Drop the customer's schema CSV into the data_product_accelerator/context/ directory:
data_product_accelerator/
└── context/
└── user_name_schema.csv ← your file here
Expected CSV columns: table_catalog, table_schema, table_name, column_name, ordinal_position, full_data_type, is_nullable, comment
Where do generated artifacts go? All artifacts created by skills (
gold_layer_design/,src/,plans/,resources/,databricks.yml) are placed at the repository root, not insidedata_product_accelerator/. See the Project Layout in AGENTS.md for the full directory map.
Design the target dimensional model first — ERDs, YAML schemas, and documentation.
Prompt:
I have a customer schema at @data_product_accelerator/context/user_name_schema.csv.
Please design the Gold layer using @data_product_accelerator/skills/gold/00-gold-layer-design/SKILL.md
This skill will orchestrate the following end-to-end design workflow:
- **Parse the schema CSV** — read the source schema file, classify each table as a dimension, fact, or bridge, and infer foreign key relationships from column names and comments
- **Design the dimensional model** — identify dimensions (with SCD Type 1/2 decisions), fact tables (with explicit grain definitions), and measures, then assign tables to business domains
- **Create ERD diagrams** — generate Mermaid Entity-Relationship Diagrams organized by table count (master ERD always, plus domain and summary ERDs for larger schemas)

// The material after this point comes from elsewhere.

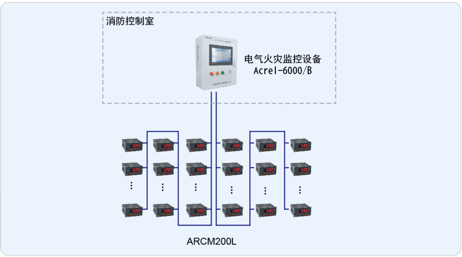 安科瑞于2014年9月承接了該項(xiàng)目電氣火災(zāi)監(jiān)控系統(tǒng),整套系統(tǒng)由壁掛式電氣火災(zāi)監(jiān)控裝置安科瑞Acrel-6000/B、ARCM200L剩余電流式火災(zāi)探測(cè)器組成。現(xiàn)場(chǎng)低壓配電柜內(nèi)探測(cè)器采用2條485總線接至消控中心的Acrel-6000/B壁掛式電氣火災(zāi)監(jiān)控系統(tǒng),當(dāng)現(xiàn)場(chǎng)保護(hù)線路中的被探測(cè)參數(shù)超過(guò)報(bào)警設(shè)定值時(shí),發(fā)出報(bào)警信號(hào)、控制信號(hào),指示報(bào)警部位并保存報(bào)警信息。

- **Generate YAML schema files** — produce one YAML file per Gold table with column definitions, PK/FK constraints, table properties, lineage metadata, and dual-purpose descriptions (human + LLM readable)
- **Document column-level lineage** — trace every Gold column back through Silver to Bronze with transformation type (DIRECT_COPY, AGGREGATION, DERIVATION, etc.) in both CSV and Markdown formats
- **Create business documentation** — write a Business Onboarding Guide with domain context, real-world scenarios, and role-based getting-started guides
- **Map source tables** — produce a Source Table Mapping CSV documenting which source tables are included, excluded, or planned with rationale for each
- **Validate design consistency** — cross-check YAML schemas, ERD diagrams, and lineage CSV to ensure all columns, relationships, and constraints are consistent
The orchestrator skill will automatically load its worker skills for merge patterns, deduplication, documentation standards, Mermaid ERDs, schema validation, grain validation, and YAML-driven setup.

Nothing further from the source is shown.